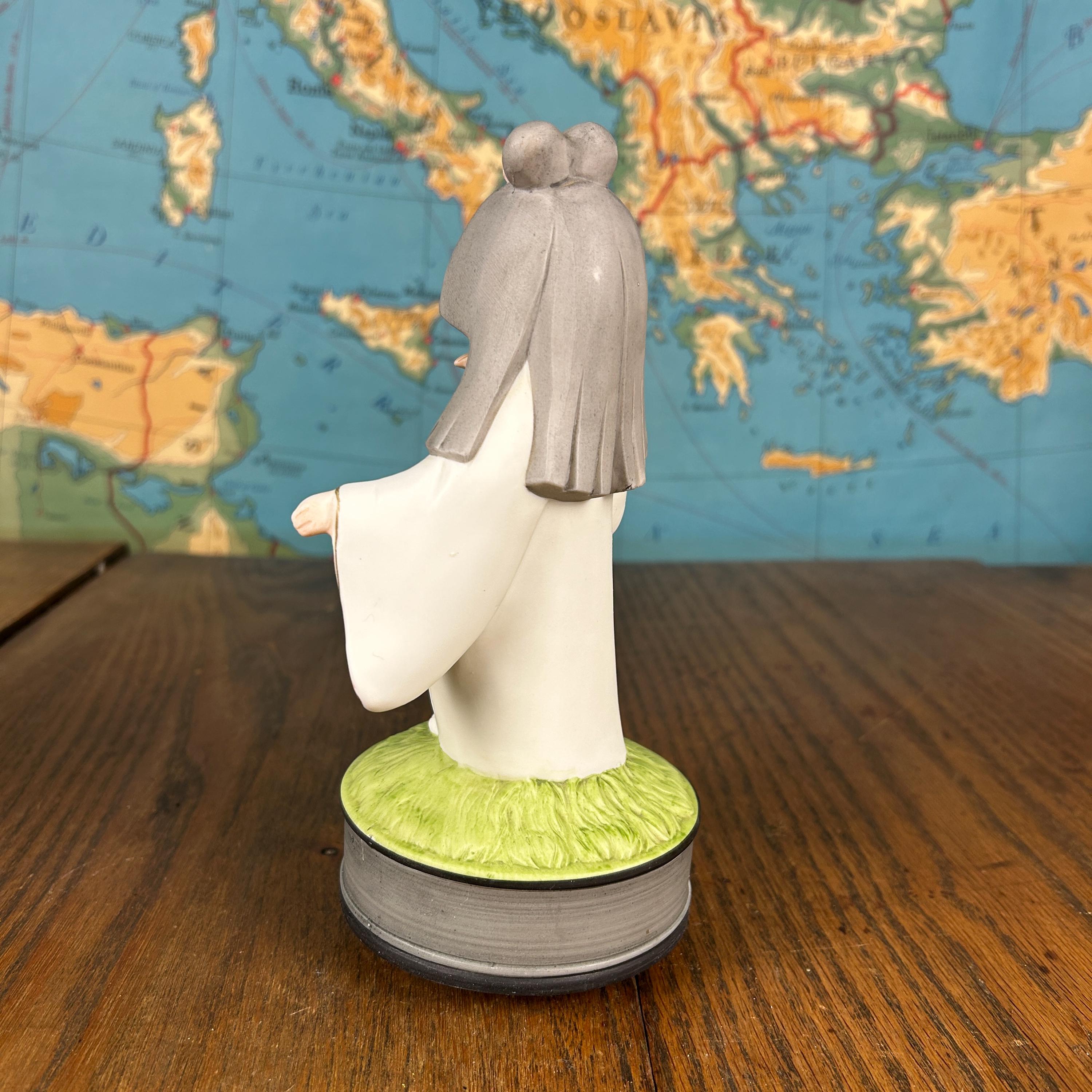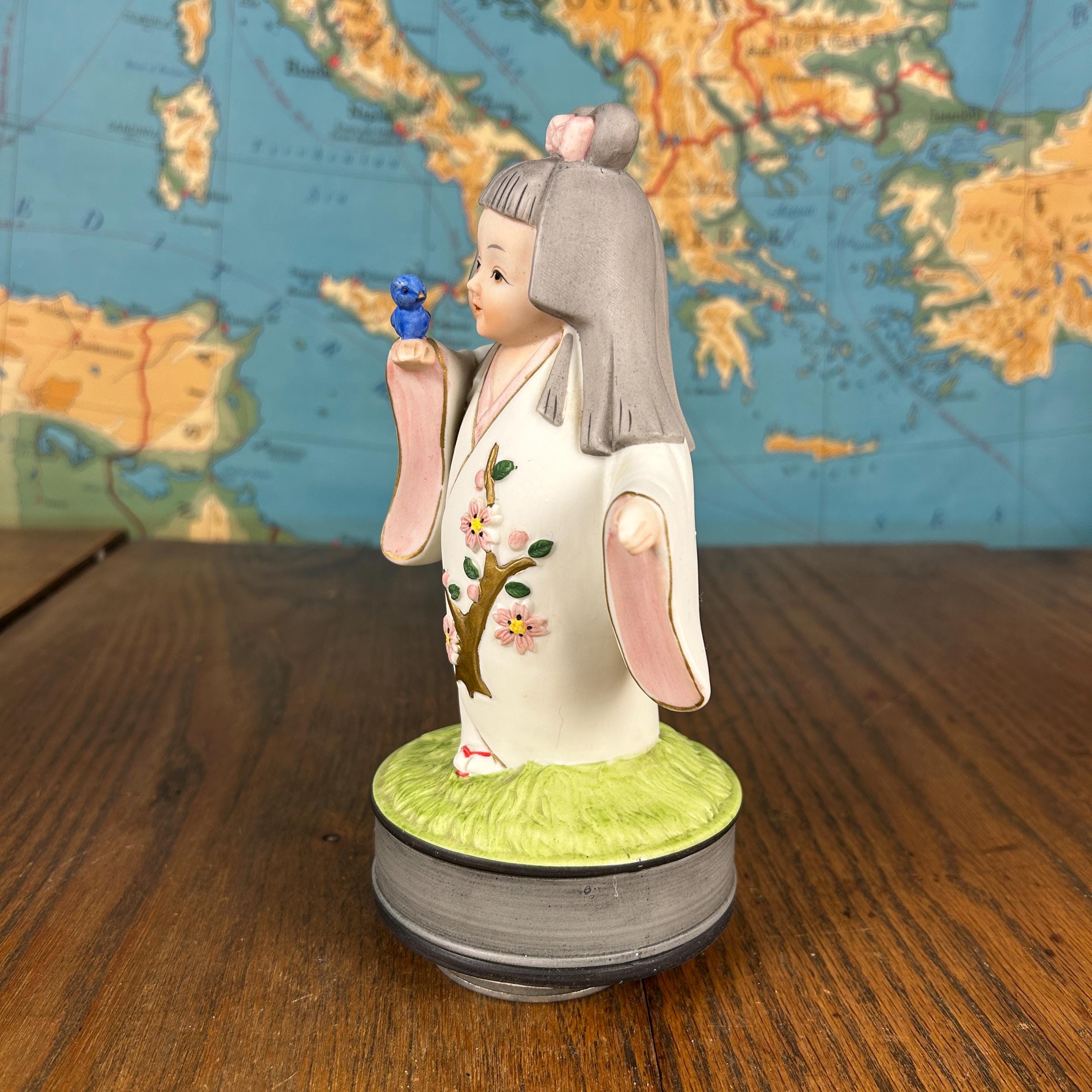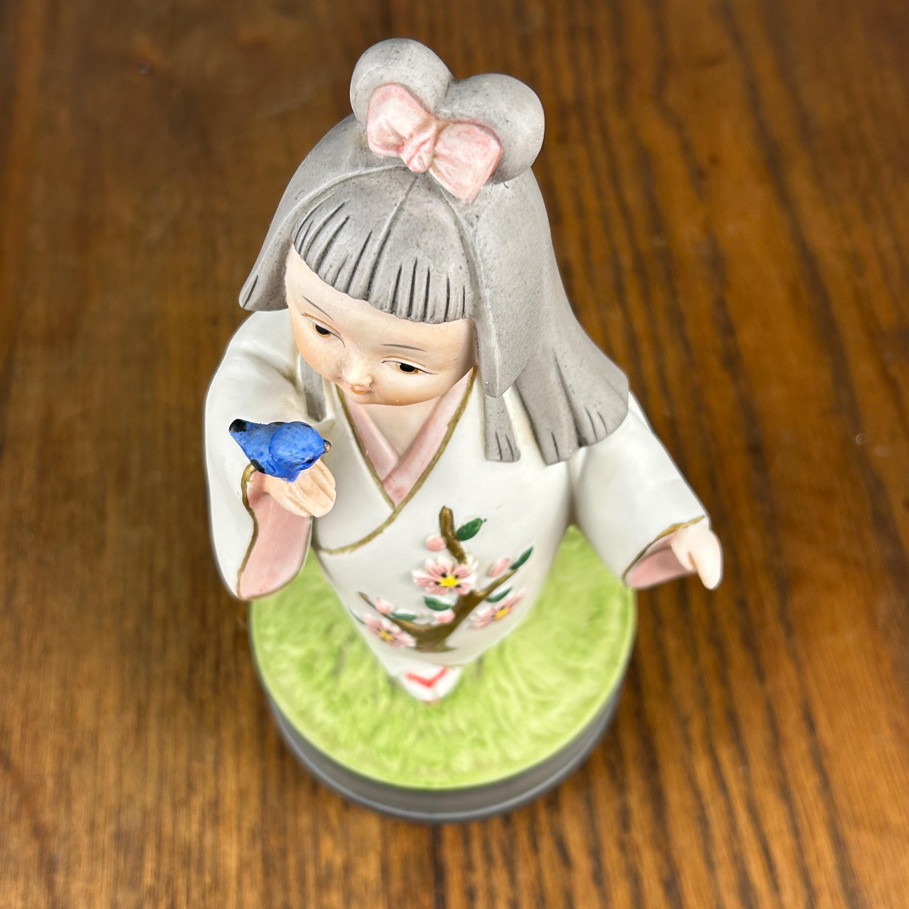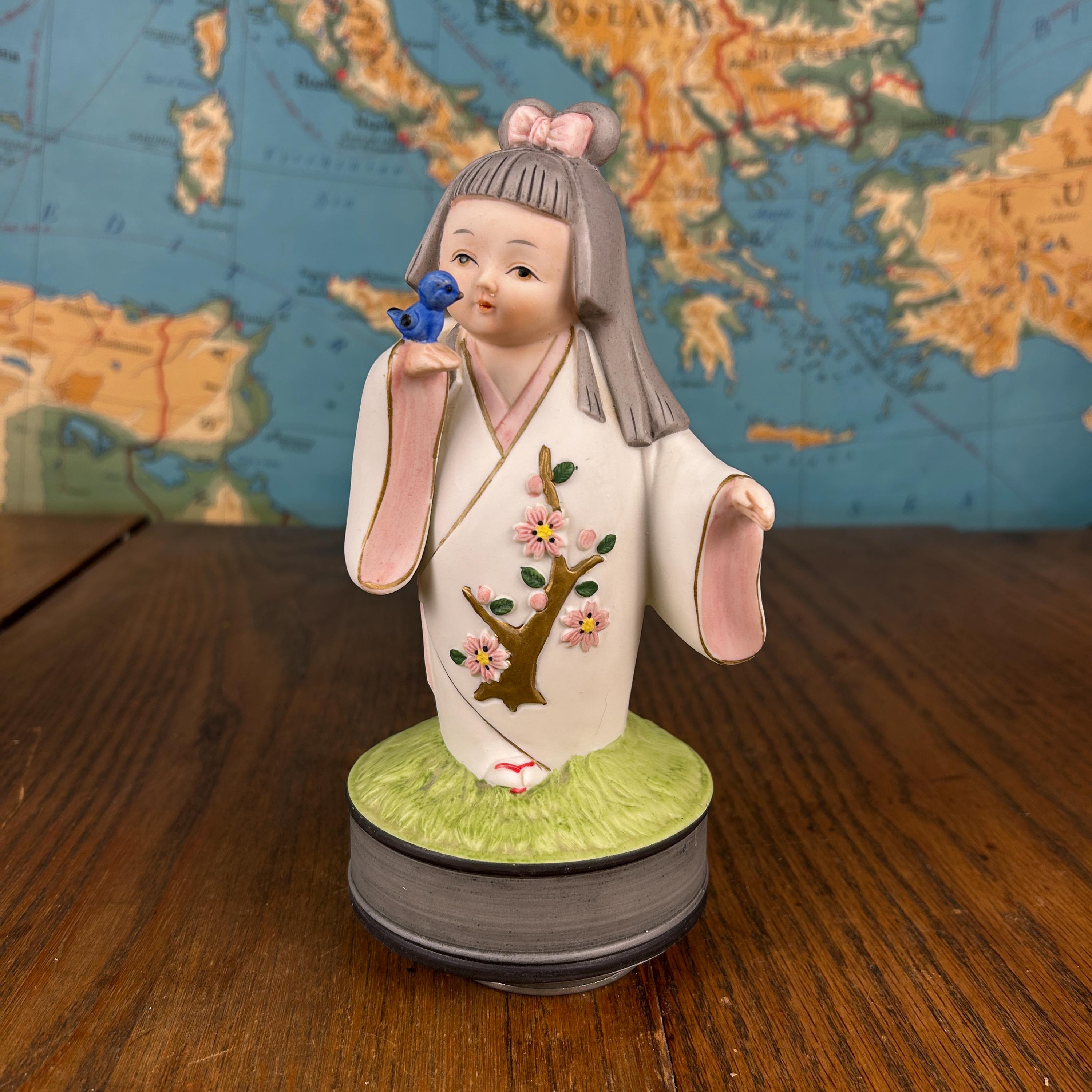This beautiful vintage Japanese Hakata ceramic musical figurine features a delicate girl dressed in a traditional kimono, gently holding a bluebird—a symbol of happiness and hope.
# # #
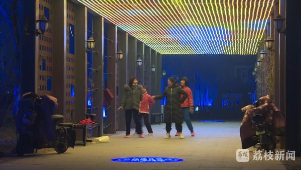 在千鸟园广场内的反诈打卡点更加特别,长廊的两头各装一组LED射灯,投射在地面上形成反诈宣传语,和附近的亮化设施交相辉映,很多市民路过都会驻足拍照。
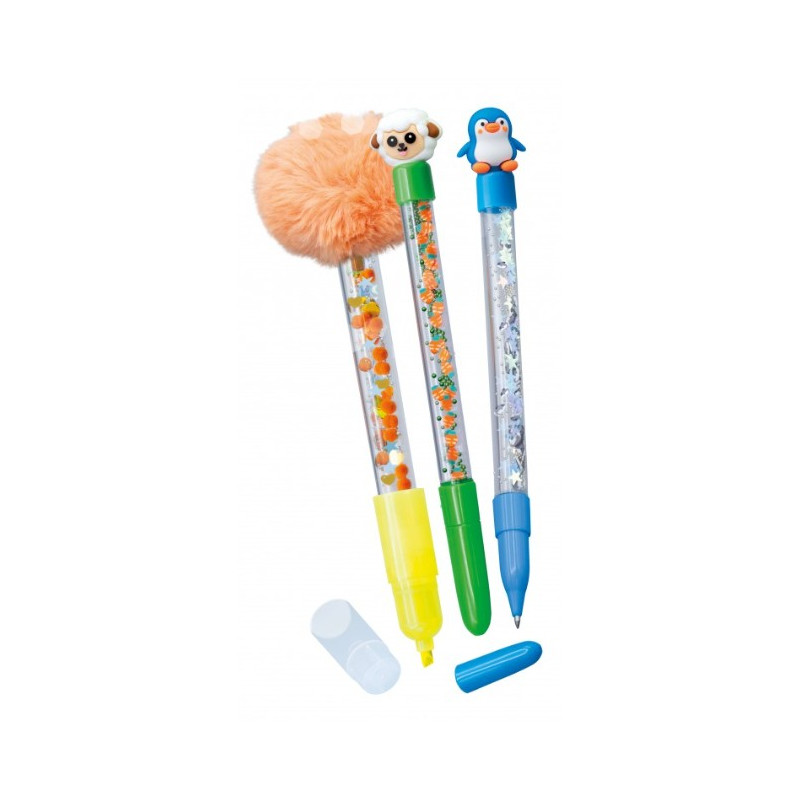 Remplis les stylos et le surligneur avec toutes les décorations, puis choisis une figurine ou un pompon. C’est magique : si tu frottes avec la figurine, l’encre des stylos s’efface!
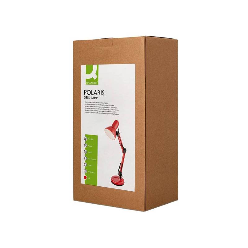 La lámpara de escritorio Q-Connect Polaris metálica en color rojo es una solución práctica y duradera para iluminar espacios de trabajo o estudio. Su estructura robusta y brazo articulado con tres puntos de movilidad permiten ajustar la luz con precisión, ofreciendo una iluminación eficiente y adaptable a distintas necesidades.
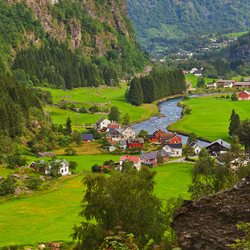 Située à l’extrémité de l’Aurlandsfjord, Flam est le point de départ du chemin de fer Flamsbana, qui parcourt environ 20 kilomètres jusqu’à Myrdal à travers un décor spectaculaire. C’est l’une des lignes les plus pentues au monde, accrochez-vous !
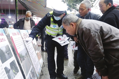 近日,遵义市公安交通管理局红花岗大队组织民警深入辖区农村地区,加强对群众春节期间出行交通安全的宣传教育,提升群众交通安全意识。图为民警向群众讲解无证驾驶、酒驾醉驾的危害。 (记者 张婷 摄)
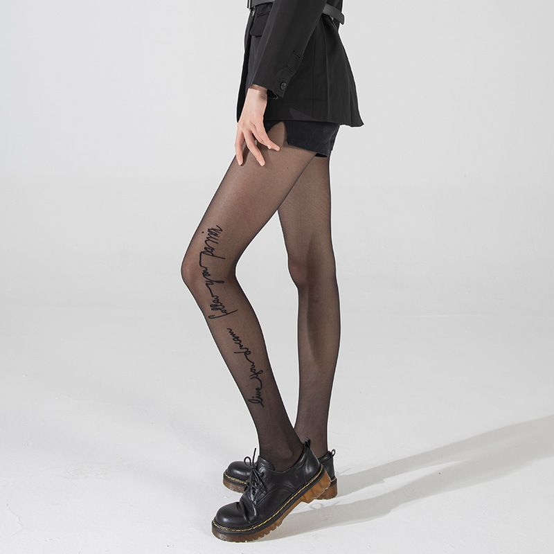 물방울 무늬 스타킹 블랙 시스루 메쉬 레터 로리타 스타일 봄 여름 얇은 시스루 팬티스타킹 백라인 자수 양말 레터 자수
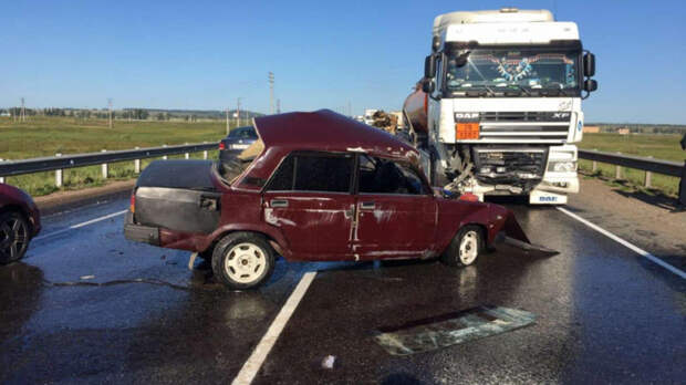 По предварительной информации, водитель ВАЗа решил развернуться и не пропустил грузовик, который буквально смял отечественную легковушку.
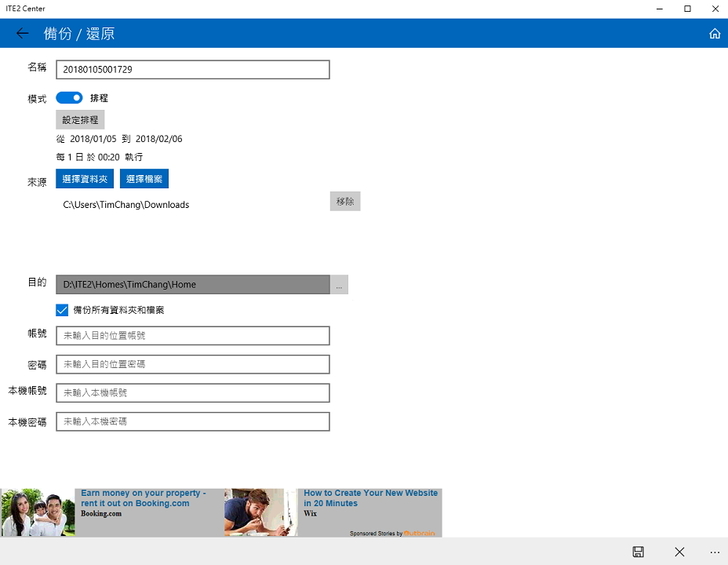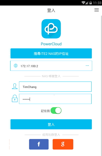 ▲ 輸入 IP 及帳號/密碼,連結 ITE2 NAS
# # #
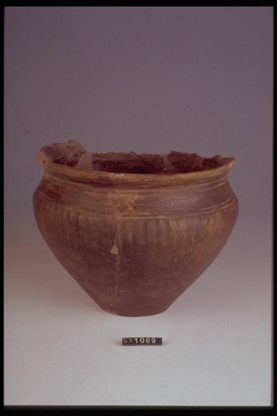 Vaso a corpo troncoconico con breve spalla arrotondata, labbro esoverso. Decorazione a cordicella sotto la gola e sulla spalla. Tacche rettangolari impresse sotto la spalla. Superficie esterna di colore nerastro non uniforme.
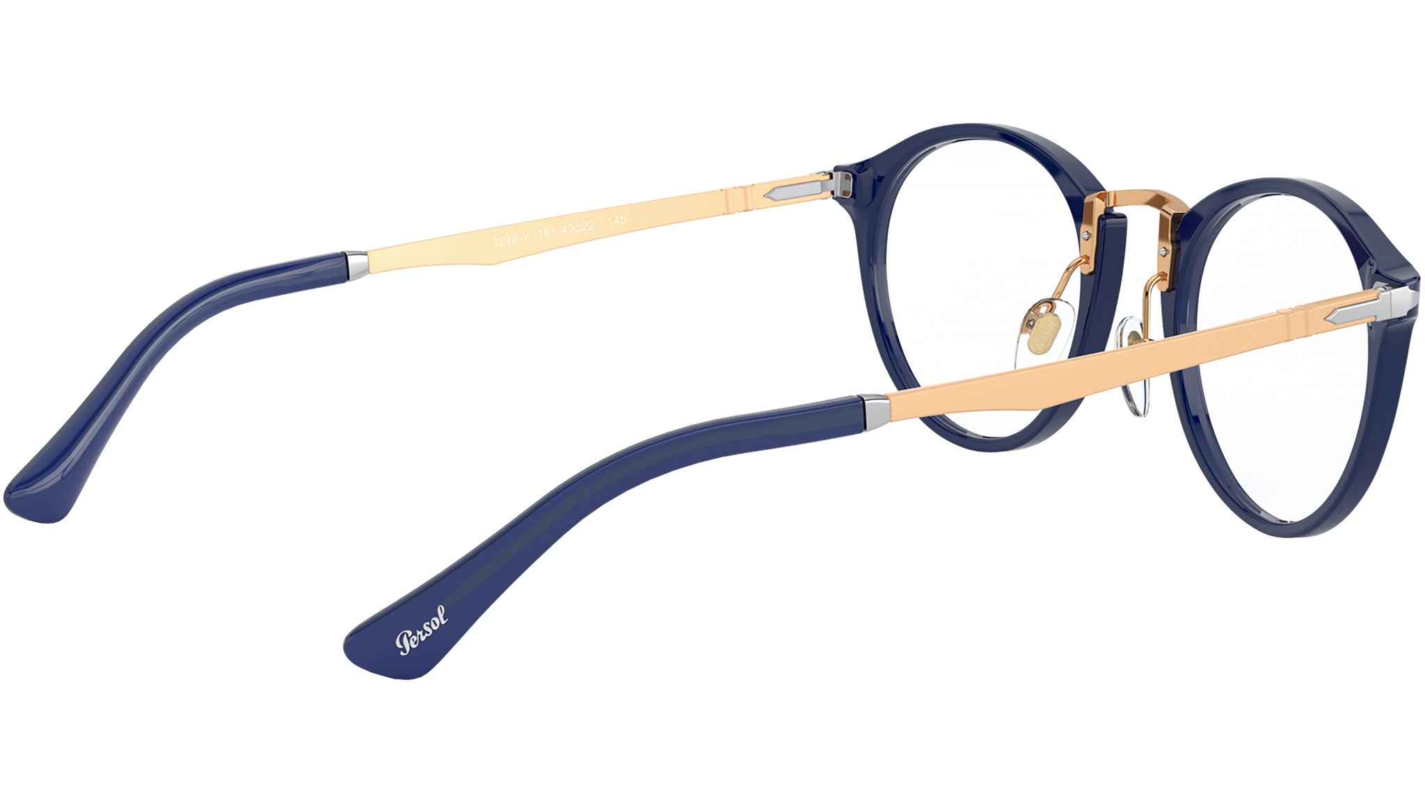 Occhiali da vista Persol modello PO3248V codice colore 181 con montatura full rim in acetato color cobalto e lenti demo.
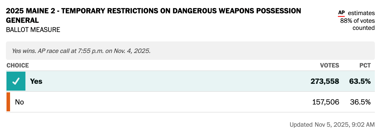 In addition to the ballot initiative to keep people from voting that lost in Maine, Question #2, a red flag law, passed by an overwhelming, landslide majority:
# # #
§ **TASK STATEMENT**
Find where the line with "Vaso a corpo" sits in the material above and where the line with "In addition to" sits. Set down exactly the lines from the first to the second, both included and nothing else, without pictures.

§ **RESPONSE AREA**
 Vaso a corpo troncoconico con breve spalla arrotondata, labbro esoverso. Decorazione a cordicella sotto la gola e sulla spalla. Tacche rettangolari impresse sotto la spalla. Superficie esterna di colore nerastro non uniforme.
 Occhiali da vista Persol modello PO3248V codice colore 181 con montatura full rim in acetato color cobalto e lenti demo.
 In addition to the ballot initiative to keep people from voting that lost in Maine, Question #2, a red flag law, passed by an overwhelming, landslide majority:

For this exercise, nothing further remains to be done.